**TASK STATEMENT**
Your task is to transcribe all of the data below exactly, omitting the images.

= = =

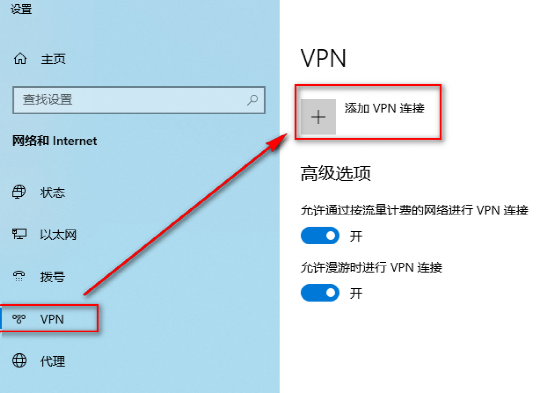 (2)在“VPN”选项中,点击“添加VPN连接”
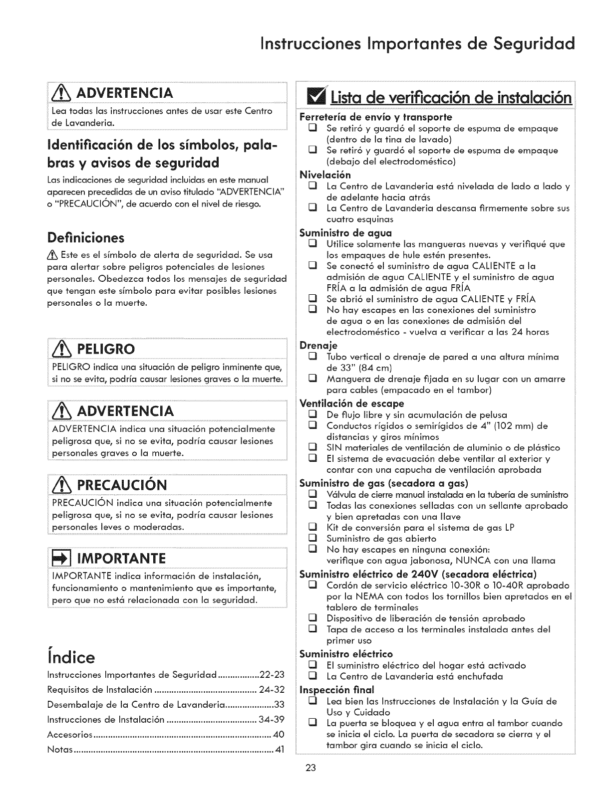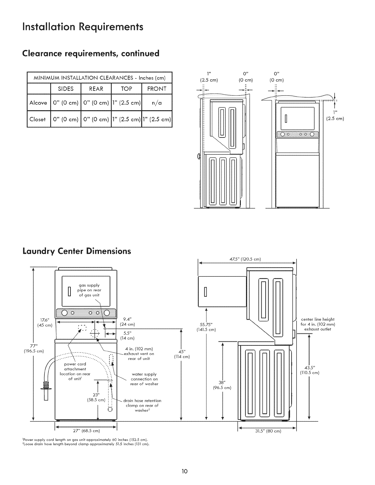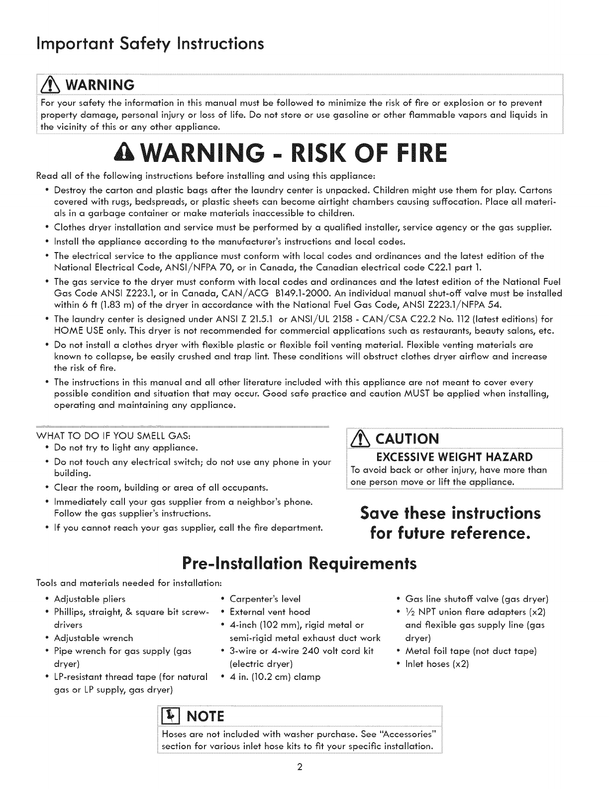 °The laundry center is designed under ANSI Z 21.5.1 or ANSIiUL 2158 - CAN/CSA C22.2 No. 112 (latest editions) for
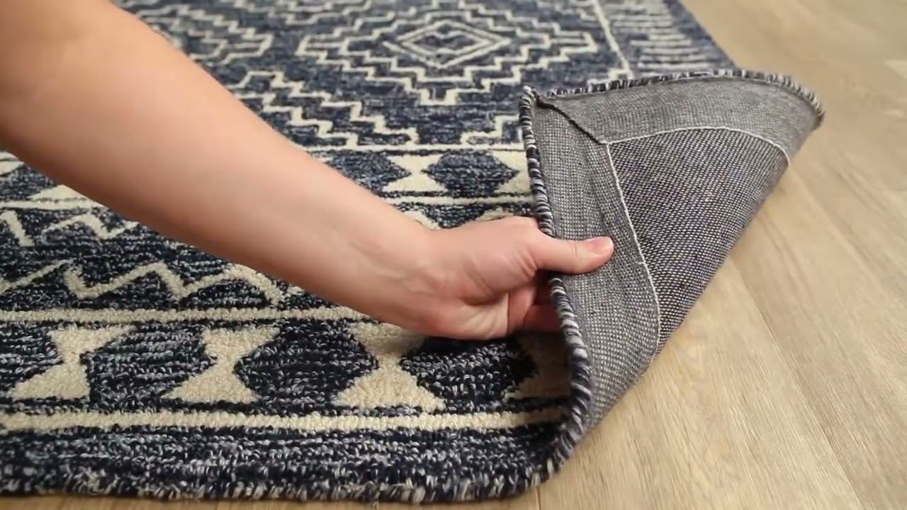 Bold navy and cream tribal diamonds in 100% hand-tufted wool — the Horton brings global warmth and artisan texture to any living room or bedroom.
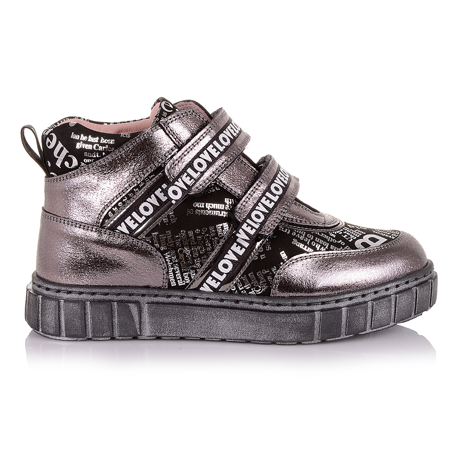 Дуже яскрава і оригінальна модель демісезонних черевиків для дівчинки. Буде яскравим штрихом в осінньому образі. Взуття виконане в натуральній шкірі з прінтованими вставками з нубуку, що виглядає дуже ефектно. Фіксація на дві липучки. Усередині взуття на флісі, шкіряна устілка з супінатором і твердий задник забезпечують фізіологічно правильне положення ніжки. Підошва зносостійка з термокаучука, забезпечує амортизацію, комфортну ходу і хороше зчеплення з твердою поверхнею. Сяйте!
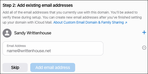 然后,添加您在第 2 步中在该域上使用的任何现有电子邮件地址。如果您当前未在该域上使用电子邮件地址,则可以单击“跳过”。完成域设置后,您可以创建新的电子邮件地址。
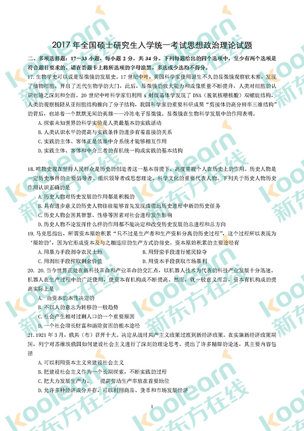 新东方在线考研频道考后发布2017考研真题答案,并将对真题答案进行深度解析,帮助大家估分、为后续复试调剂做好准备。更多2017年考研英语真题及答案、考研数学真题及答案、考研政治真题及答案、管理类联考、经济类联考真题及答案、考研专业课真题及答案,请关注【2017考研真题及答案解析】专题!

= = =

**ANSWER TO THIS EXERCISE**
 (2)在“VPN”选项中,点击“添加VPN连接”
 °The laundry center is designed under ANSI Z 21.5.1 or ANSIiUL 2158 - CAN/CSA C22.2 No. 112 (latest editions) for
 Bold navy and cream tribal diamonds in 100% hand-tufted wool — the Horton brings global warmth and artisan texture to any living room or bedroom.
 Дуже яскрава і оригінальна модель демісезонних черевиків для дівчинки. Буде яскравим штрихом в осінньому образі. Взуття виконане в натуральній шкірі з прінтованими вставками з нубуку, що виглядає дуже ефектно. Фіксація на дві липучки. Усередині взуття на флісі, шкіряна устілка з супінатором і твердий задник забезпечують фізіологічно правильне положення ніжки. Підошва зносостійка з термокаучука, забезпечує амортизацію, комфортну ходу і хороше зчеплення з твердою поверхнею. Сяйте!
 然后,添加您在第 2 步中在该域上使用的任何现有电子邮件地址。如果您当前未在该域上使用电子邮件地址,则可以单击“跳过”。完成域设置后,您可以创建新的电子邮件地址。
 新东方在线考研频道考后发布2017考研真题答案,并将对真题答案进行深度解析,帮助大家估分、为后续复试调剂做好准备。更多2017年考研英语真题及答案、考研数学真题及答案、考研政治真题及答案、管理类联考、经济类联考真题及答案、考研专业课真题及答案,请关注【2017考研真题及答案解析】专题!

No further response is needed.